> _EXERCISE_: Copy, exactly as written, the lines that begin at the one containing "आपको बता दें" and end at the one containing "節(jié)能制動器創(ch". Skip any pictures in the data below.

> _RECORDS TO PROCESS_:
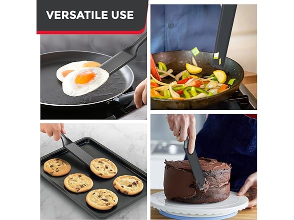 - Multitasker – Flip eggs, hamburgers, pancakes, crepes, ice the cakes, cut and lift corner pieces of baked frittatas or simply stir-fry, turning ingredients inside a searing-hot wok.
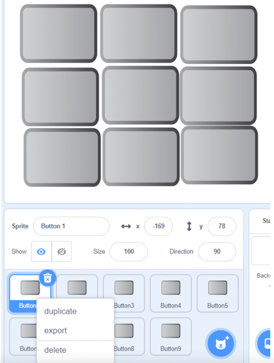 Chỉ cần nhấp chuột phải vào Button Sprite và chọn Duplicate để tạo thêm 8 ô nữa, sau đó sắp xếp chúng cạnh nhau thành ba hàng và ba cột:
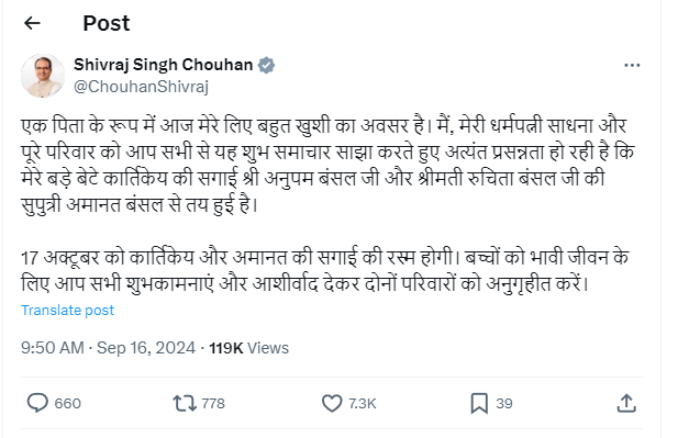 आपको बता दें कि कुछ महीने पहले ही शिवराज सिंह चौहान के छोटे बेटे कुणाल सिंह चौहान की भी सगाई हुई है। कुणाल का रिश्ता भोपाल के डॉक्टर इंद्रमल जैन की पोती रिद्धि जैन के साथ तय हुआ है।
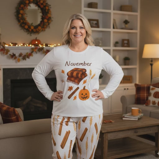 Profitez du calme de l’automne avec ce pyjama de novembre pour femme, deux pièces.
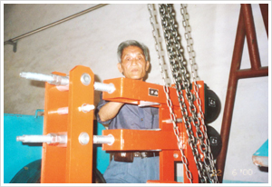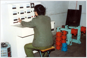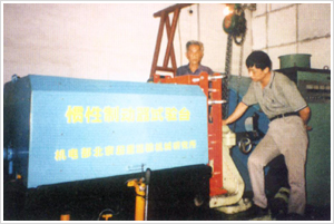 節(jié)能制動器創(chuàng)始人張家政先生(左一)在北京起重運(yùn)輸機(jī)械研究所實(shí)驗(yàn)臺上進(jìn)行檢測
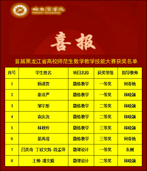 (文/林晓颖)2025年11月,由黑龙江省数学会数学教育专业委员会、哈尔滨师范大学主办,哈尔滨师范大学数学科学学院承办的首届高校师范生数学教学技能比赛在哈尔滨师范大学举办。我校教师教育学院学子凭借扎实的专业功底、精湛的教学技能和出色的临场表现,在赛事中脱颖而出。
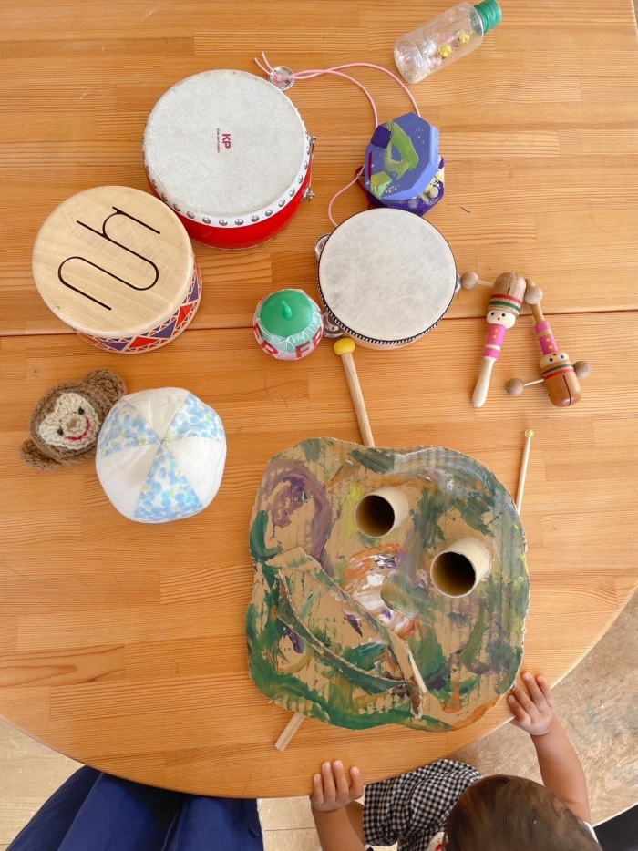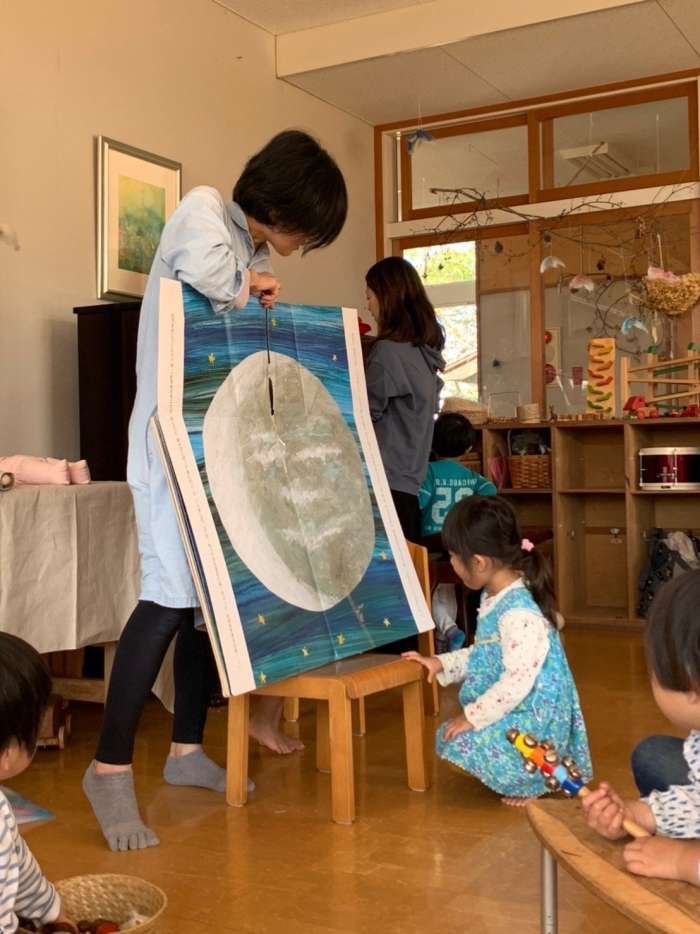それぞれが持ってきた楽器で、曲に合わせてリズムを叩いたり、ピアノの生演奏にのせて、お月さまにまつわる絵本を読んだりもしました。
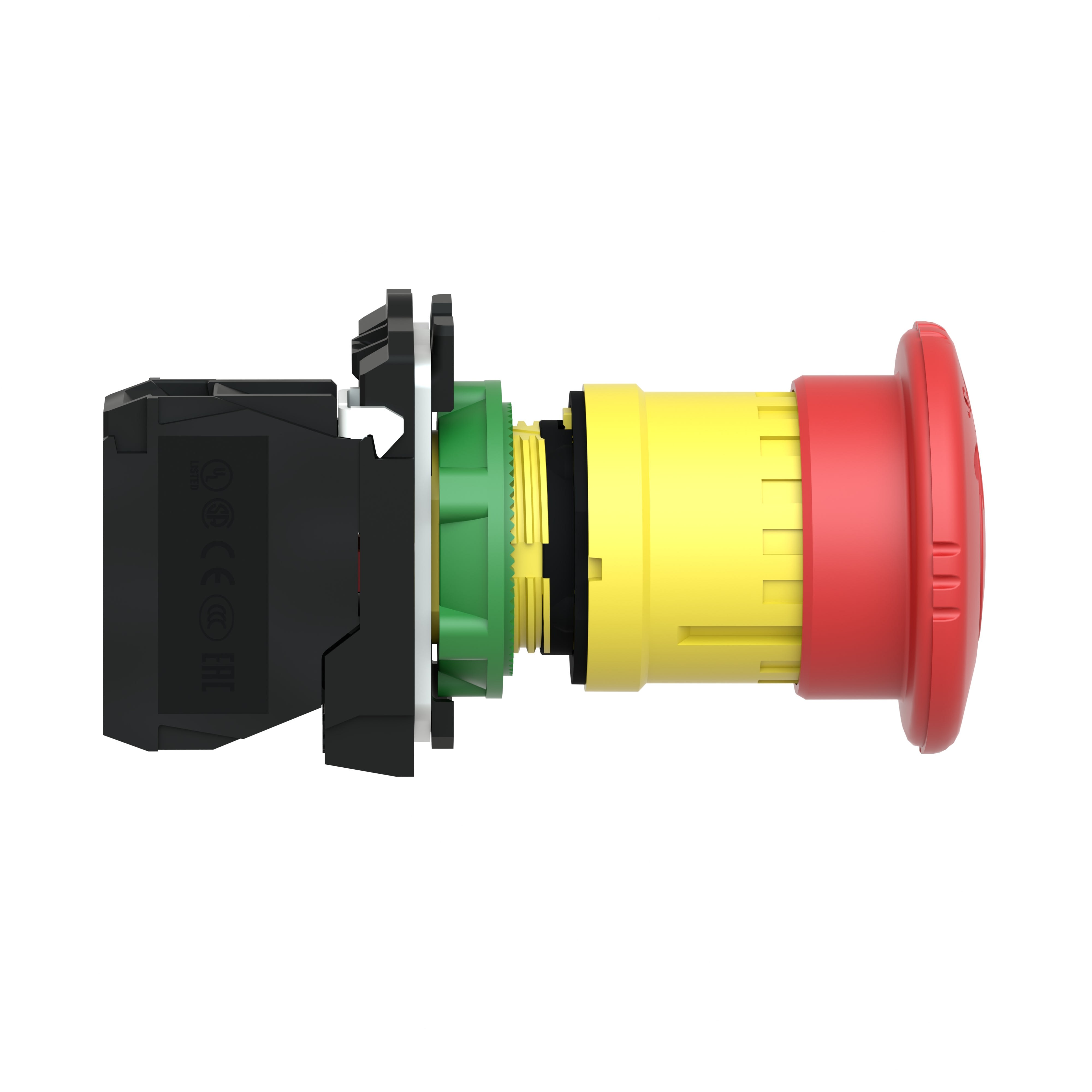 Ce bouton-poussoir d'arrêt d'urgence Harmony XB5 à tête champignon fonctionne avec un verrouillage mécanique, il faut tourner pour le déverrouiller. Il a une colerette en plastique et est livré avec bouton d'arrêt d'urgence rouge de diamètre 40 mm, non marqué. Il comporte 1 contact à rupture lente NF et un raccordement avec bornes à vis-étrier. Il se distingue clairement visuellement à distance grâce à une couleur claire et une forme de champignon proéminente de 40 mm. Il s'installe facilement dans une découpe de panneau standard de 22 mm de diamètre. Il est résistant aux chocs, à la poussière, à l'eau et aux vibrations grâce à un indice de protection IP66 / IP67 / IP69 / IP69K, ce qui le rend idéal pour une utilisation dans des environnements difficiles. Il pèse 60g.Sa lunette en plastique le rend idéal pour les applications nécessitant une bonne résistance aux agents chimiques et / ou une double isolation électrique.

> _SOLUTION TO THE EXERCISE_:
 आपको बता दें कि कुछ महीने पहले ही शिवराज सिंह चौहान के छोटे बेटे कुणाल सिंह चौहान की भी सगाई हुई है। कुणाल का रिश्ता भोपाल के डॉक्टर इंद्रमल जैन की पोती रिद्धि जैन के साथ तय हुआ है।
 Profitez du calme de l’automne avec ce pyjama de novembre pour femme, deux pièces.
 節(jié)能制動器創(chuàng)始人張家政先生(左一)在北京起重運(yùn)輸機(jī)械研究所實(shí)驗(yàn)臺上進(jìn)行檢測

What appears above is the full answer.